As a multi-disciplinary group of cancer geneticists, computational biologists and clinician scientists we are using methods from evolutionary biology to understand the variable natural history of individual cancers, and most critically the emergence of metastases and drug resistance.

We evaluate and model the main forces that shape cancer evolution: mutations, natural selection and therapy. Mutations are genetic changes in the cancer which fuel evolution. Selection is a process by which some mutations will be favoured because they improve the survival of the cancer population they occur in, so they are perpetuated. Mutations that are detrimental are selected against. Selection is determined not just by the nature of the mutation but also by the cells directly surrounding tumours, called the tumour microenvironment (TME).

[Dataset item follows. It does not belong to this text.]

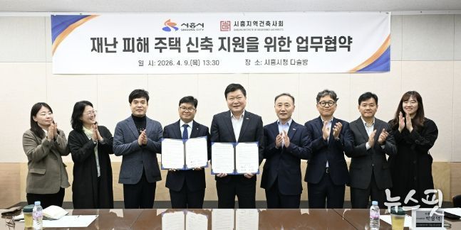 (뉴스핏 = 김수진 기자) 시흥시는 각종 사회재난 및 자연재난으로 피해를 본 주민의 신속한 주거 안정을 지원하기 위해 시흥지역 건축사회와 ‘재난 피해주택 신축 지원을 위한 업무협약’을 지난 9일 다슬방에서 체결했다.

We are focusing on two cancers: renal cell carcinoma (RCC), which is the most common type of kidney tumour, and melanoma, the most aggressive type of skin cancer. RCC and melanoma exhibit a wide spectrum of clinical behaviour, some are indolent, others extremely aggressive and we want to know how this relates to their evolutionary trajectory. Ultimately, by understanding the forces that drive tumours down more aggressive paths, we can 're-route' them towards a better outcome. 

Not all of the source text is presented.